→ **EXERCISE**
A verbatim copy of all the data is required, minus any images.

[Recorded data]
....................

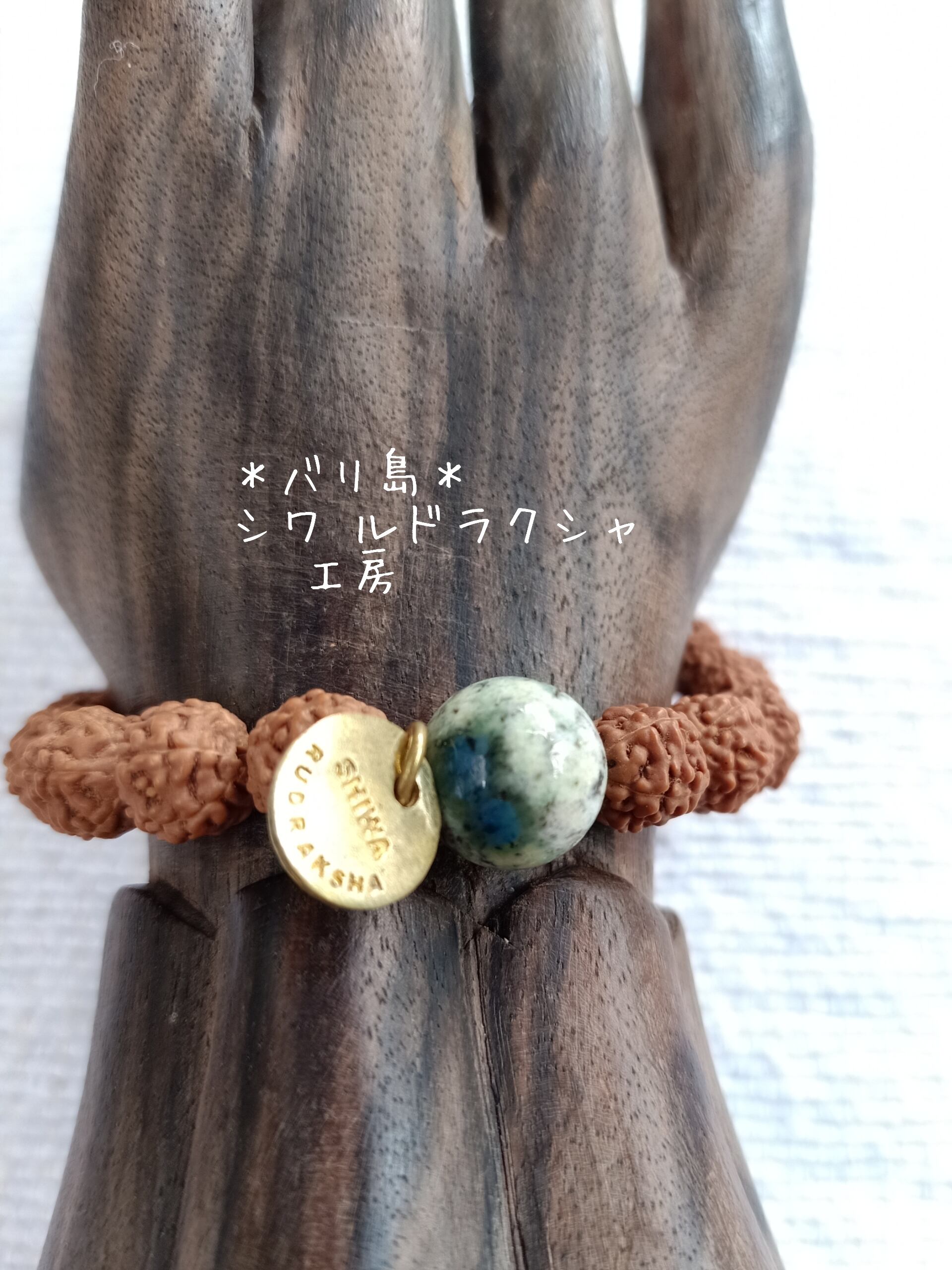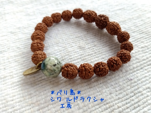 「学問や芸術の神様」をあらわす4面&6面ルドラクシャ「サラスヴァティ女神」をストーンの対面に入れたブレスレットです。
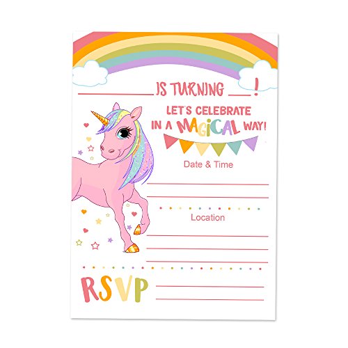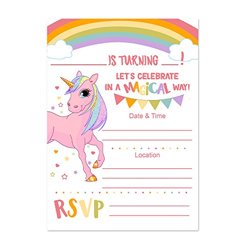 Unicorn Birthday Invitations for a Girl - 20 Ct. 5x7 Cards Printed on Front and Back - Rainbow Magical Unicorn Invitations
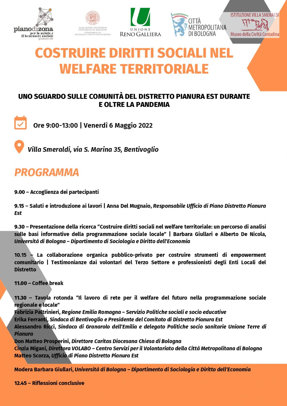 Partendo dalla presentazione della ricerca “Costruire diritti sociali nel welfare territoriale”, condotta dal Dipartimento di Sociologia e Diritto dell’Economia dell’Università di Bologna in collaborazione con l'Ufficio di Piano del Distretto Pianura Est, la giornata rappresenterà l'occasione per condividere pratiche e modalità di lavoro di rete intraprese per contrastare le diverse forme di povertà nel periodo pandemico da parte degli Enti Locali del Distretto, in raccordo con gli Enti di Terzo Settore, con le testimonianze dirette dei diversi attori.
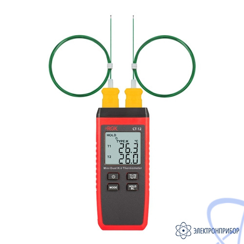 Полезные функции. Специальная индикация оповещает специалиста о ненадлежащем подключении или неисправности термопары. Двухканальный цифровой термометр RGK CT-12 также сообщает о превышении предела измерений и низком уровне заряда элементов питания. Измерение пиковой и средней температуры упрощает реализацию различных сценариев проверки, особенно при работе с крупными объектами.
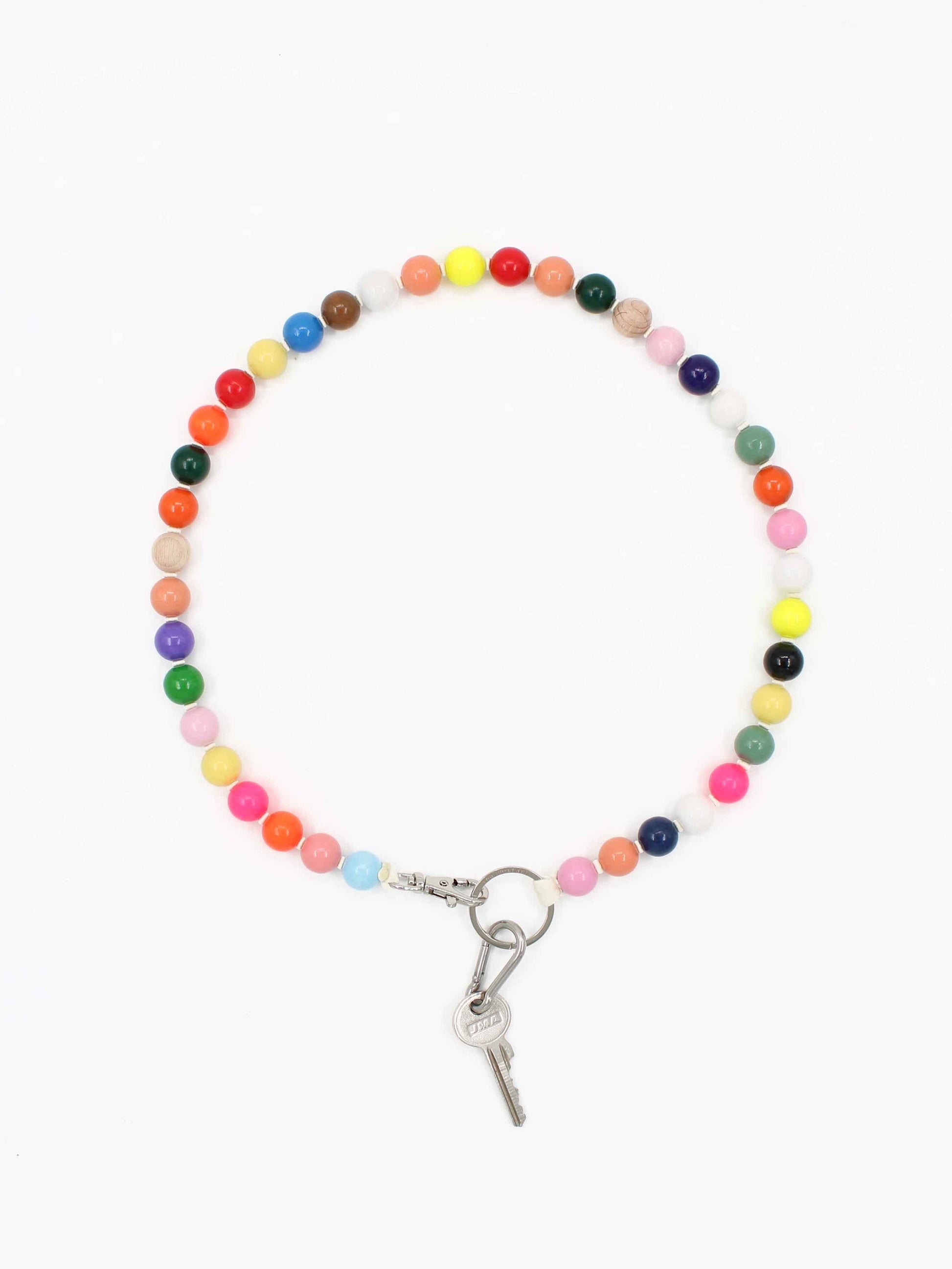 Keychain with elastic band and threaded wooden beads.
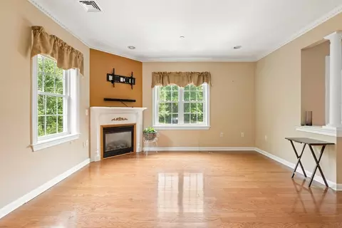 | Living Room | Flooring - Wood, Open Floorplan, Recessed Lighting, Crown Molding |
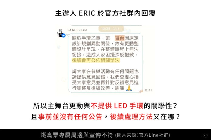一名網友表示在活動宣傳中,主辦方承諾購買鐵鳥票的參加者將獲得獨家的LED手環,可以與主舞台的表演連動,這一特點吸引了他的注意,當他在活動當天前往兌換台時,卻只收到了入場手環和一張貼紙,並未收到承諾的LED手環。他隨後聯絡了主辦方,並參加了LA RUE的LINE社群,詢問手環的下落。主辦方的回應是關於手環的規劃出現異動,但未能提供具體解釋或解決方案。
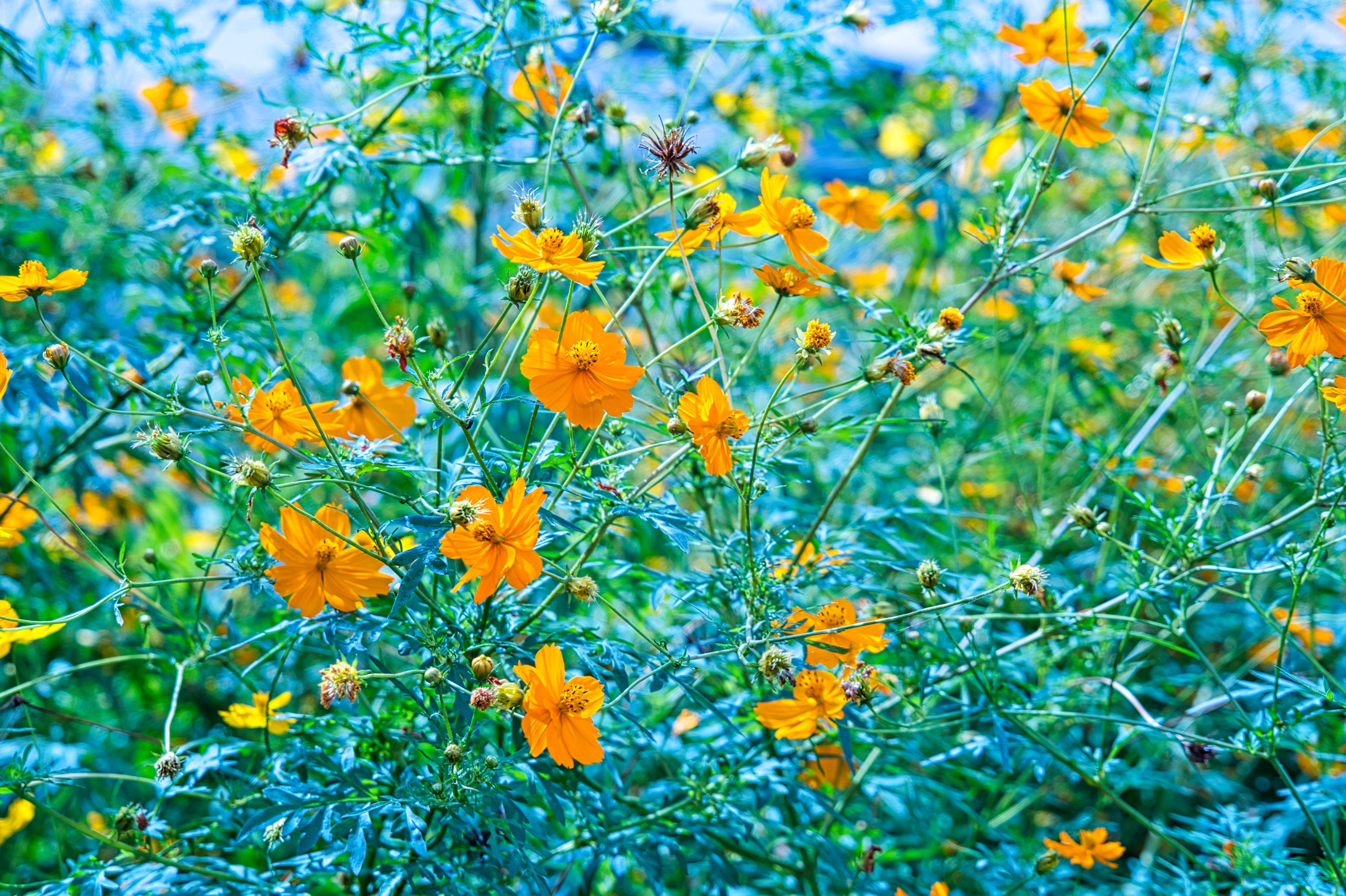 何気ない普通に咲いている街中のキバナコスモス風景 ごちゃごちゃ背景をストロボ・カラーシフト背景処理、 ストロボ光が当たらない背景をブルーに染めて印象的に表現しました。 ストロボ設定:オレンジフィルター+WB3000K

....................

→ **YOUR RESPONSE**
 「学問や芸術の神様」をあらわす4面&6面ルドラクシャ「サラスヴァティ女神」をストーンの対面に入れたブレスレットです。
 Unicorn Birthday Invitations for a Girl - 20 Ct. 5x7 Cards Printed on Front and Back - Rainbow Magical Unicorn Invitations
 Partendo dalla presentazione della ricerca “Costruire diritti sociali nel welfare territoriale”, condotta dal Dipartimento di Sociologia e Diritto dell’Economia dell’Università di Bologna in collaborazione con l'Ufficio di Piano del Distretto Pianura Est, la giornata rappresenterà l'occasione per condividere pratiche e modalità di lavoro di rete intraprese per contrastare le diverse forme di povertà nel periodo pandemico da parte degli Enti Locali del Distretto, in raccordo con gli Enti di Terzo Settore, con le testimonianze dirette dei diversi attori.
 Полезные функции. Специальная индикация оповещает специалиста о ненадлежащем подключении или неисправности термопары. Двухканальный цифровой термометр RGK CT-12 также сообщает о превышении предела измерений и низком уровне заряда элементов питания. Измерение пиковой и средней температуры упрощает реализацию различных сценариев проверки, особенно при работе с крупными объектами.
 Keychain with elastic band and threaded wooden beads.
 | Living Room | Flooring - Wood, Open Floorplan, Recessed Lighting, Crown Molding |
一名網友表示在活動宣傳中,主辦方承諾購買鐵鳥票的參加者將獲得獨家的LED手環,可以與主舞台的表演連動,這一特點吸引了他的注意,當他在活動當天前往兌換台時,卻只收到了入場手環和一張貼紙,並未收到承諾的LED手環。他隨後聯絡了主辦方,並參加了LA RUE的LINE社群,詢問手環的下落。主辦方的回應是關於手環的規劃出現異動,但未能提供具體解釋或解決方案。
 何気ない普通に咲いている街中のキバナコスモス風景 ごちゃごちゃ背景をストロボ・カラーシフト背景処理、 ストロボ光が当たらない背景をブルーに染めて印象的に表現しました。 ストロボ設定:オレンジフィルター+WB3000K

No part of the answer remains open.